Anak kecil belum mengenal dunia sedikit pun, namun setan sudah menyatakan permusuhan dengan menusuknya. Lalu bagaimana keadaan si anak jika ia telah dapat berbicara dan merasakan segala sesuatu? Bagaimana keadaannya jika mulai bergerak syahwatnya untuk mencari dunia atau selainnya? Maka penyesatan dan upaya penyimpangan yang dilakukan setan ini harus dihalangi. Karena itulah syari’at datang untuk melindungi manusia sejak mudanya. Bahkan sejak lahir ke dunia ini hingga nanti menemui Rabbnya.
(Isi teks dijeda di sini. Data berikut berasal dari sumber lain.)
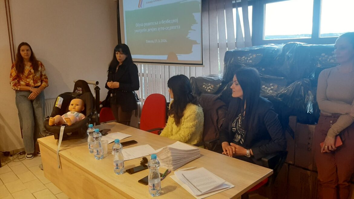 U Topoli je u Sali vizitorskog centra održana obuka o pravilnom korišćenju dečijih auto sedišta, a potom je dodeljeno 66 auto sedišta roditeljima koji su zahteve podneli do 16. januara ove godine.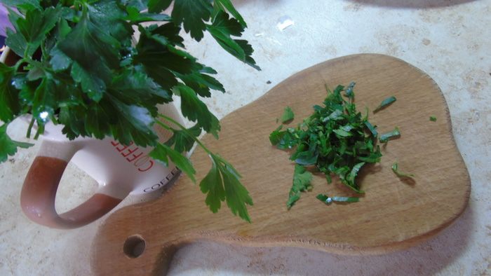 Зелень любую по вашему вкусу измельчаем, у меня петрушка.
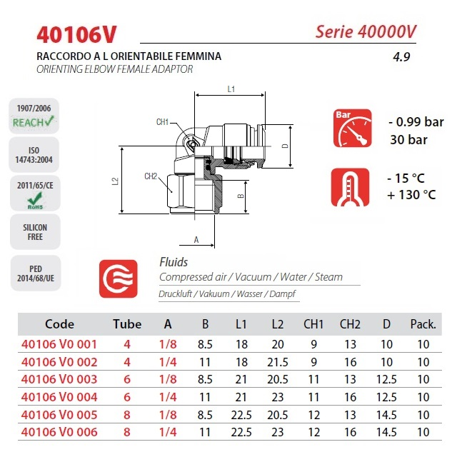 Jde o Push-In koncovku pro potravinářské a farmaceutické účely. Použití k dopravě páry, vody, potravinářských kapalin nebo sání stupně vakua.

Bahkan, Iblis berusaha menyesatkan manusia pada saat manusia berupa mani, ketika sang suami mendatangi istrinya. Oleh karena itu, termasuk upaya penjagaan anak, hendaknya ketika suami mendatangi istrinya berlindung kepada Allah Azza wajalla dengan doa yang diajarkan oleh Rasulullah Shallallahu’alaihi wasallam,

بِسْمِ اللَّهِ اللَّهُمَّ جَنِّبْنَا الشَّيْطَانَ وَجَنِّبِ الشَّيْطَانَ مَا رَزَقْتَنَا

‘Dengan nama Allah, Ya Allah jauhkanlah kami dari setan dan jauhkanlah setan dari apa yang Engkau rezekikan kepada kami.’
Maka bila Allah tetapkan lahirnya anak dari hubungan keduanya itu, setan tidak akan bisa membahayakannya selamanya.” (HR. Bukhari: 141)
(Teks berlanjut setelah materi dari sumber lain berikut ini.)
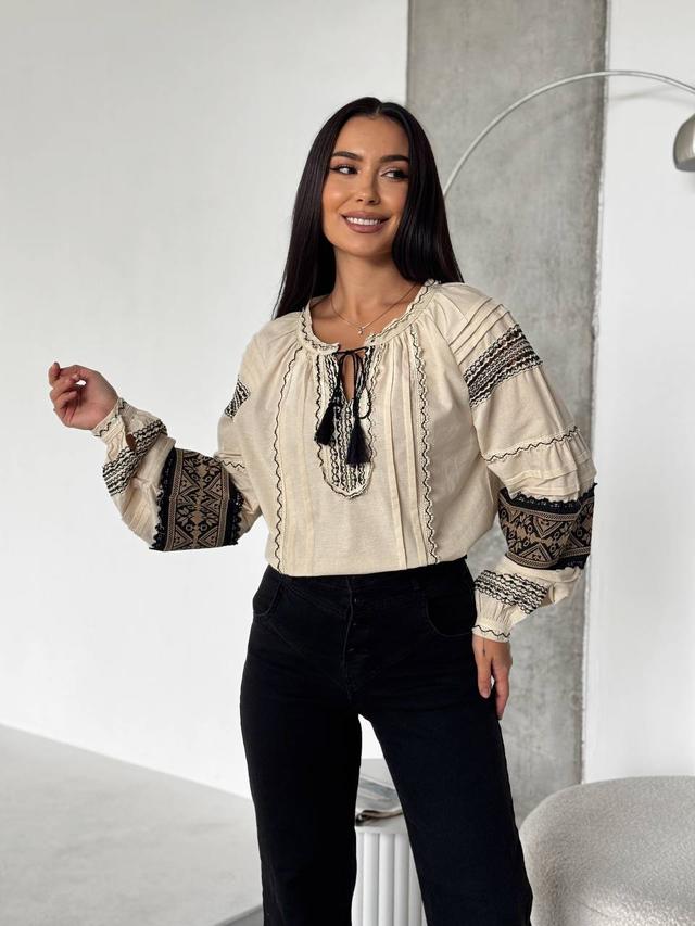 - Колір: світло-бежевий із чорною вишивкою

Bagaimana cara menjaga anak dari api neraka?

Setelah orang tua mengerti bahwa anak digoda oleh setan, maka bagaimana upaya orang tua agar anak jauh dari godaan setan sehingga anak tidak masuk neraka. Orang Islam bukan hanya berkewajiban menjaga dirinya dari adzab neraka, tetapi juga menjaga keluarganya seperti istri dan anak-anaknya. Allah Subhanahu wata’ala berfirman:

یَـٰۤأَیُّهَا ٱلَّذِینَ ءَامَنُوا۟ قُوۤا۟ أَنفُسَكُمۡ وَأَهۡلِیكُمۡ نَارࣰا وَقُودُهَا ٱلنَّاسُ وَٱلۡحِجَارَةُ

Wahai orang-orang yang beriman, jagalah diri kalian dan keluarga kalian dari api neraka, yang bahan bakarnya dari manusia dan batu. (QS. at-Tahrim: 6)

Orang tua hendaknya membekali dirinya dan keluarganya dengan ilmu agama yang cukup, agar dia bisa mengamalkan perintah dan meninggalkan larangan-Nya. Inilah kunci keselamatan manusia dari api neraka.

Syaikh Abdurrahman as-Sa’di Rahimahullah menjelaskan ayat ini, “Wahai orang-orang yang dikaruniai oleh Allah keimanan, maka sifat orang yang beriman senantiasa melaksanakan perintah Allah dan meninggalkan larangan-Nya serta segera bertaubat dari hal yang membuat marah Allah dan menyebabkan dia masuk neraka, juga mendidik anak-anaknya, mengajari mereka dengan syariat Islam, dan dilatih agar melaksanakan perintah Allah. Sebab tidaklah manusia akan selamat dari siksaan Allah melainkan dengan melaksanakan perintah Allah bagi dirinya dan menyuruh orang yang menjadi tanggungannya, seperti istri dan anak-anaknya.” (Taisir al-Karimir Rahman: 1/ 874)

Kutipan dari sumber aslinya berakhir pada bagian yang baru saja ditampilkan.